Forte di questo “successo”, tra mille virgolette, sul fronte interno, Mussolini poté infine firmare il cosiddettopatto d’acciaio” tra Italia e Germania, un accordo che impegnava entrambe le potenze ad entrare in guerra al fianco dell’alleato, e questo in caso di qualunque conflitto, difensivo o offensivo. Cosa che rendeva il patto più pericoloso di quelli della tradizione europea, che di solito erano puramente difensivi: in teoria, il patto d’acciaio obbligava l’Italia a seguire Hitler in qualunque sua avventura militare in Europa.

Non che ciò valse a molto: Hitler, durante la sua celebre e infausta visita all’Italia, nel 1938, aveva già capito che il suo alleato era una tigre di carta, tutto fumo e niente arrosto, come diciamo noi. Forse utile solo per negare alla flotta britannica il dominio totale del Mediterraneo. Hitler si rese conto dell’arretratezza dell’esercito italiano durante le parate militari di quella visita, e si decise a muoversi sul tavolo della politica europea senza attendere che il suo alleato fosse pronto a una nuova guerra: d’altronde, chissà quando lo sarebbe stato. In modo piuttosto comico, a pochi mesi dalla firma del “Patto d’acciaio”, questo sarà in realtà disatteso, non rispettato, da entrambe le potenze.

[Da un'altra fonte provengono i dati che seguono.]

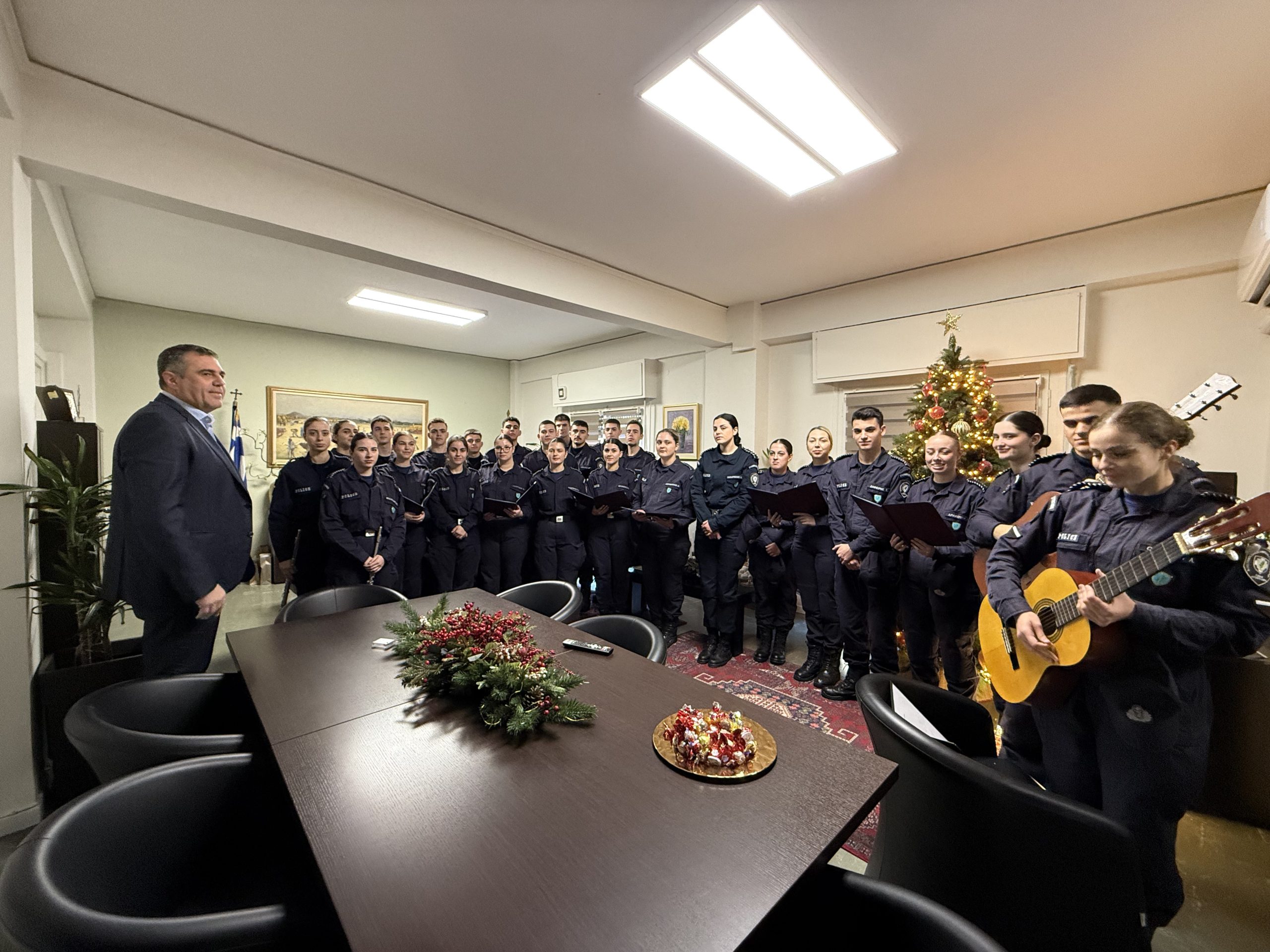 Η συνάντηση ολοκληρώθηκε με ανταλλαγή ευχών για καλές γιορτές, υγεία και καλή σταδιοδρομία στους αυριανούς λειτουργούς της δημόσιας ασφάλειας.

Hitler, infatti, grazie al suo accelerato piano di riarmamento, già nel 1939, si sentiva in grado di affrontare una guerra europea, soprattutto in caso di non belligeranza dell’Unione Sovietica. Al contrario, l’Italia era convinta che una guerra europea non sarebbe scoppiata prima del 1942 o del 1943, e pertanto a fine 1939 era totalmente impreparata a condurla: come detto, la guerra in Etiopia aveva consumato tutte le energie disponibili all’Italia fascista, rimasta arretrata e povera anche grazie alle decisioni di Mussolini, come abbiamo visto negli scorsi episodi.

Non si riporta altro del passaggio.